These private writings by a prominent white southern lawyer offer
insight into his state's embrace of massive white resistance
following the 1954 "Brown v. Board of Education" ruling. David J.
Mays of Richmond, Virginia, was a highly regarded attorney, a
Pulitzer Prize-winning biographer, and a member of his city's
political and social elite. He was also a diarist for most of his
adult life. This volume comprises diary excerpts from the years
1954 to 1959. For much of this time Mays was counsel to the
commission, chaired by state senator Garland Gray, that was charged
with formulating Virginia's response to federal mandates concerning
the integration of public schools.
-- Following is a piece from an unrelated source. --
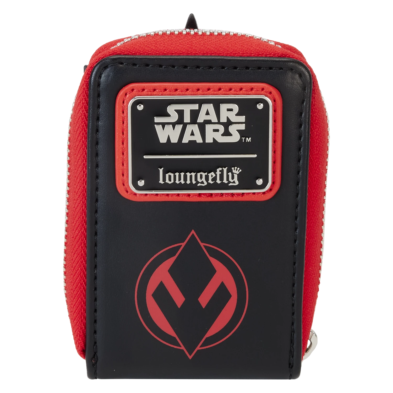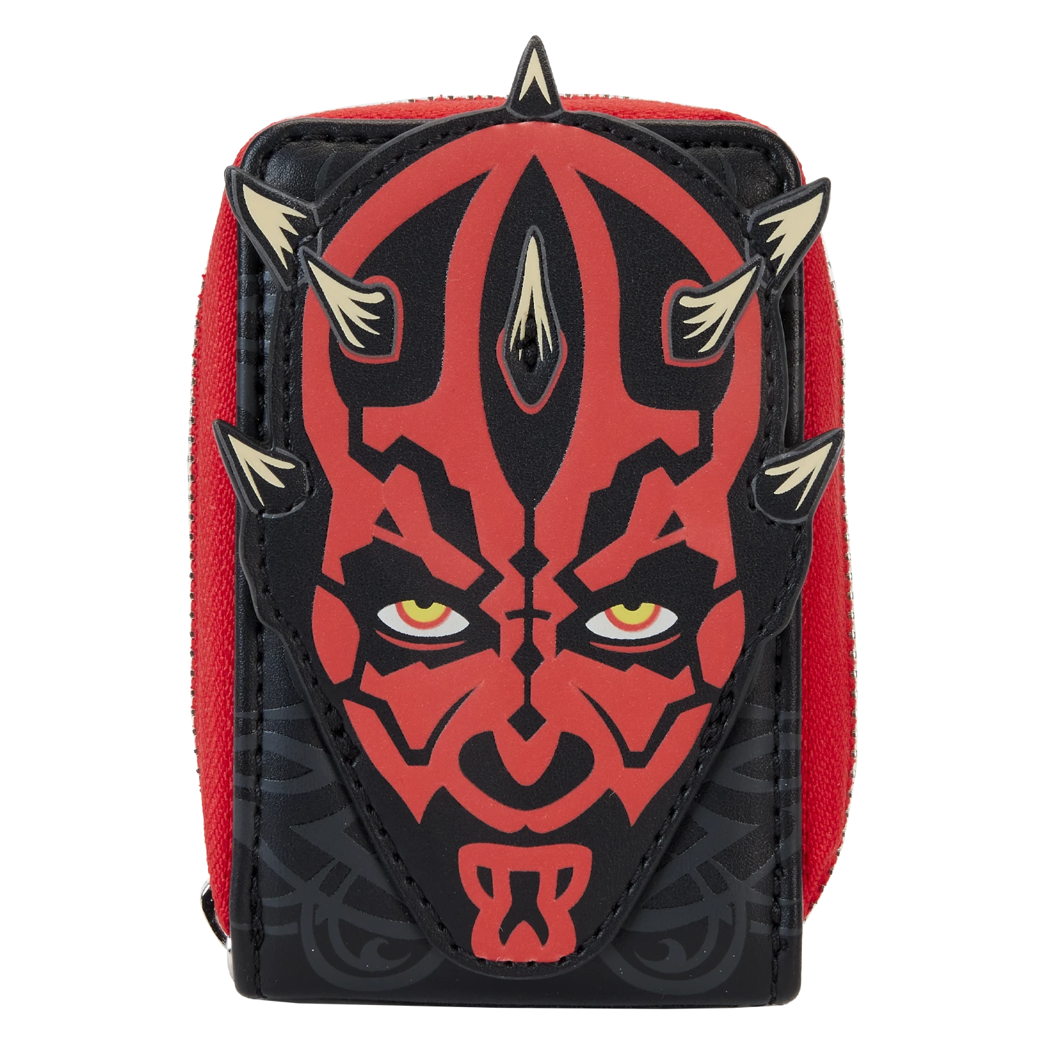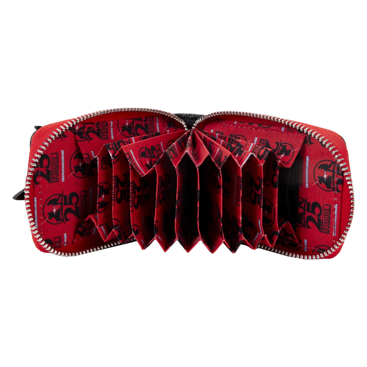 The Loungefly Phantom Menace 25th Anniversary Darth Maul Accordion Wallet is made of vegan leather (polyurethane). Wallet zips closed with shiny silver hardware and includes plenty of pockets for holding cards. Additional features include applique, debossed, glow-in-the-dark, and printed details. Take note of the coordinating inside lining.

Later, Mays was involved in
litigation triggered by that response.
Mays chronicled the state's bitter and divisive shift away from
the Gray Commission's proposal that school integration questions be
settled at the local level. Instead, Virginia's
arch-segregationists, led by U.S. senator Harry F. Byrd, championed
a monolithic defiance of integration at the highest state and
federal levels. Many leading Virginians of the time appear in
Mays's diary, along with details of their roles in the battle
against desegregation as it was fought in the media, courts, polls,
and government back rooms.
Mays's own racial attitudes were hardly progressive; yet his
temperament and legal training put a relatively moderate public
face on them. As James R. Sweeney notes, Mays's differences with
extremists were about means more than ends--about "not the morality
of Jim Crow but the best tactics for defending it."